## Problem
The answer must consist only of the lines in the records below from the line with "- Neue Route, gleich" to the line with "قاعة اجتماعات صغيرة", both included, copied word for word with every picture left out.

___ Material shown

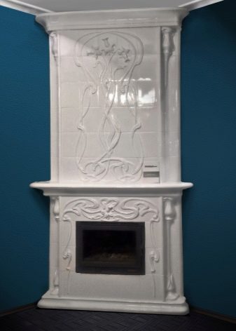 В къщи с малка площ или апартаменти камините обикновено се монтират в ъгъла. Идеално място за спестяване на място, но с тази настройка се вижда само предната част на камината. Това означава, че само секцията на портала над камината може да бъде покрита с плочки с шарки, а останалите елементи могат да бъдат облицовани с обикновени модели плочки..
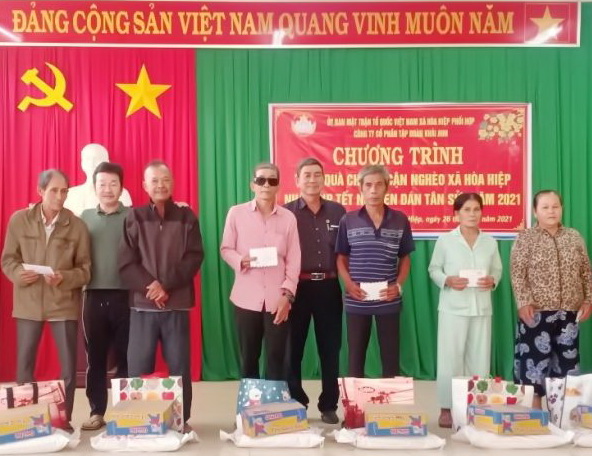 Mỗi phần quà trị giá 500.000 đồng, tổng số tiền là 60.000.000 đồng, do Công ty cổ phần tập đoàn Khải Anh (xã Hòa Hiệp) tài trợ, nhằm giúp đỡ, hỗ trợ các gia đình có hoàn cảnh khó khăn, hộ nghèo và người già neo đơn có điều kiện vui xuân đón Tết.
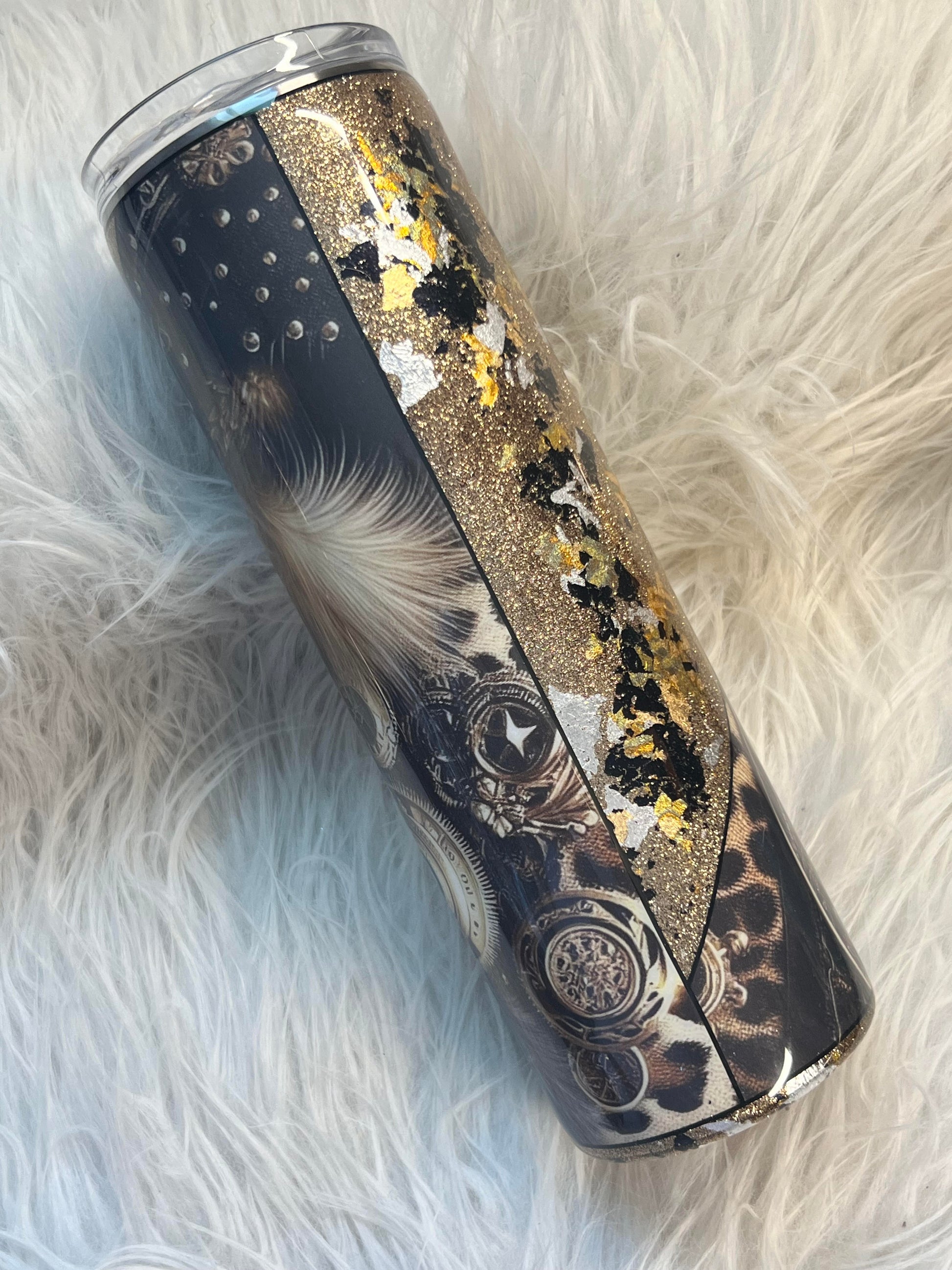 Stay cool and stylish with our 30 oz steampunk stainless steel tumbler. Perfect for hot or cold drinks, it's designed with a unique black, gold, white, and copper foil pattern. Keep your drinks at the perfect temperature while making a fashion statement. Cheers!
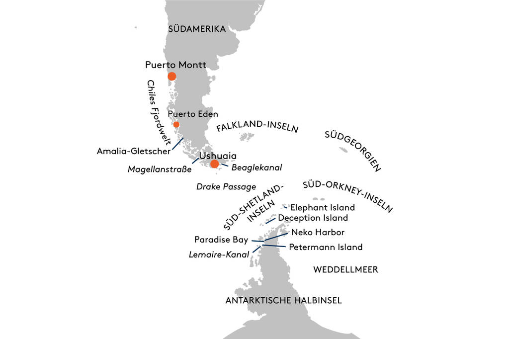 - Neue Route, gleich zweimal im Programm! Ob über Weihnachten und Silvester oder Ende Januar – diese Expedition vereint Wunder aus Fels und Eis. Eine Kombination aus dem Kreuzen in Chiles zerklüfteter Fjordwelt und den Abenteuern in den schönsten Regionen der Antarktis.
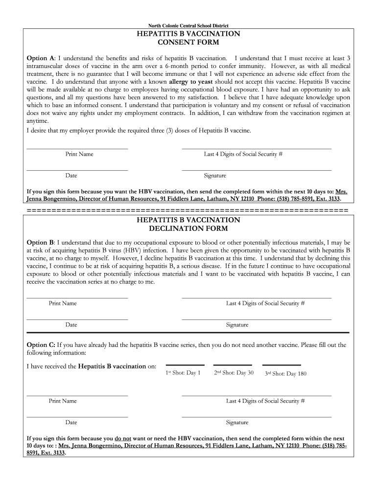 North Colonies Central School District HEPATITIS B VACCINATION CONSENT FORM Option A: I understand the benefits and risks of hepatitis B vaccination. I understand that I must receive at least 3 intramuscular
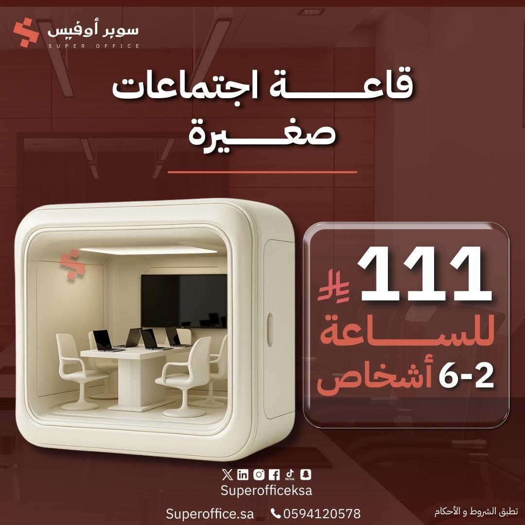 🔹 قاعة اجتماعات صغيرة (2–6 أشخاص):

______
___ Material shown

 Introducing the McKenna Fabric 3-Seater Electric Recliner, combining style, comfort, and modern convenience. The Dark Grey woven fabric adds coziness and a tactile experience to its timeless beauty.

______
___ Material shown

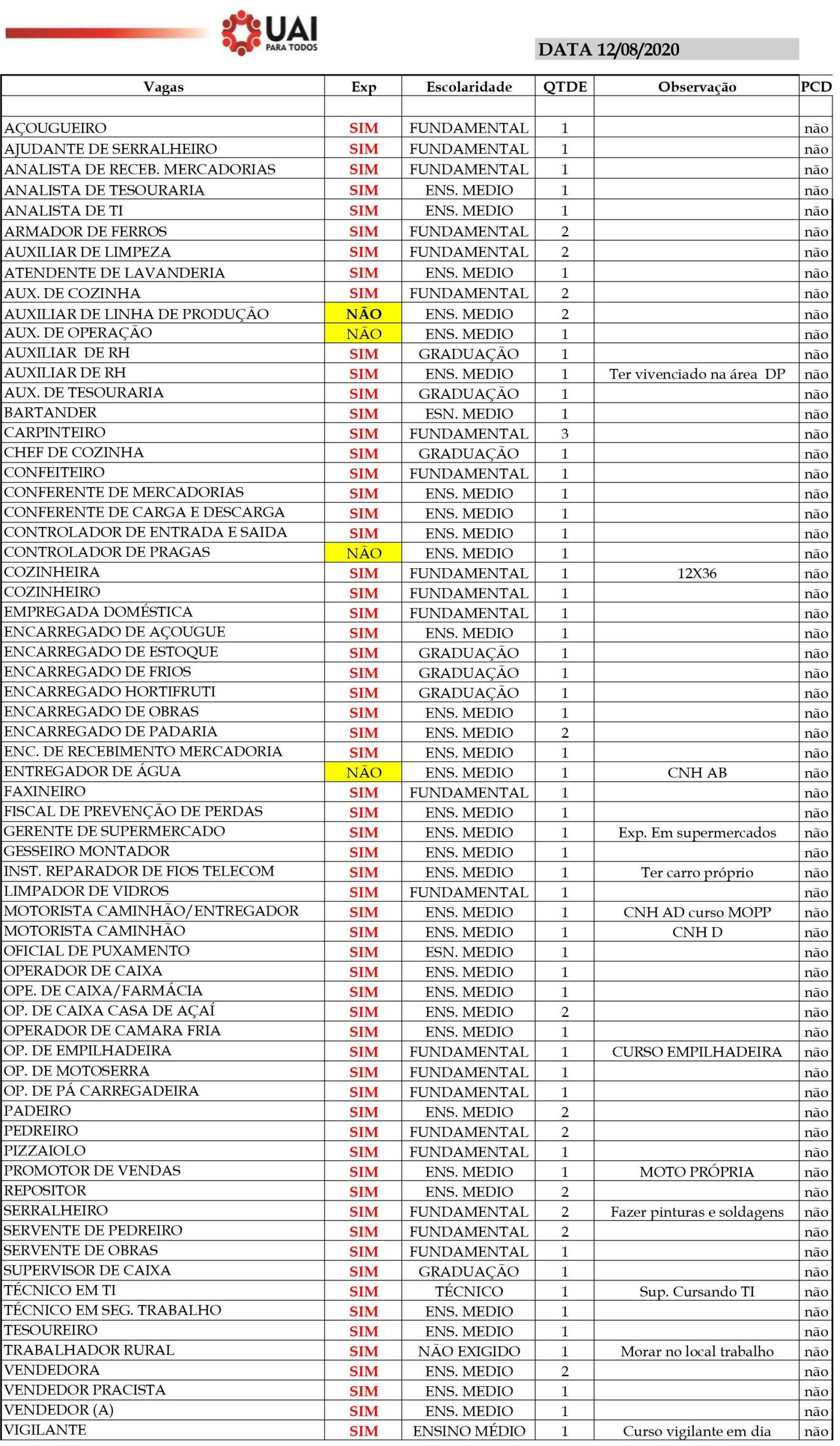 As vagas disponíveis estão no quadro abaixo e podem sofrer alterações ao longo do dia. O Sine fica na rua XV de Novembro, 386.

______

## Answer below
 - Neue Route, gleich zweimal im Programm! Ob über Weihnachten und Silvester oder Ende Januar – diese Expedition vereint Wunder aus Fels und Eis. Eine Kombination aus dem Kreuzen in Chiles zerklüfteter Fjordwelt und den Abenteuern in den schönsten Regionen der Antarktis.
 North Colonies Central School District HEPATITIS B VACCINATION CONSENT FORM Option A: I understand the benefits and risks of hepatitis B vaccination. I understand that I must receive at least 3 intramuscular
 🔹 قاعة اجتماعات صغيرة (2–6 أشخاص):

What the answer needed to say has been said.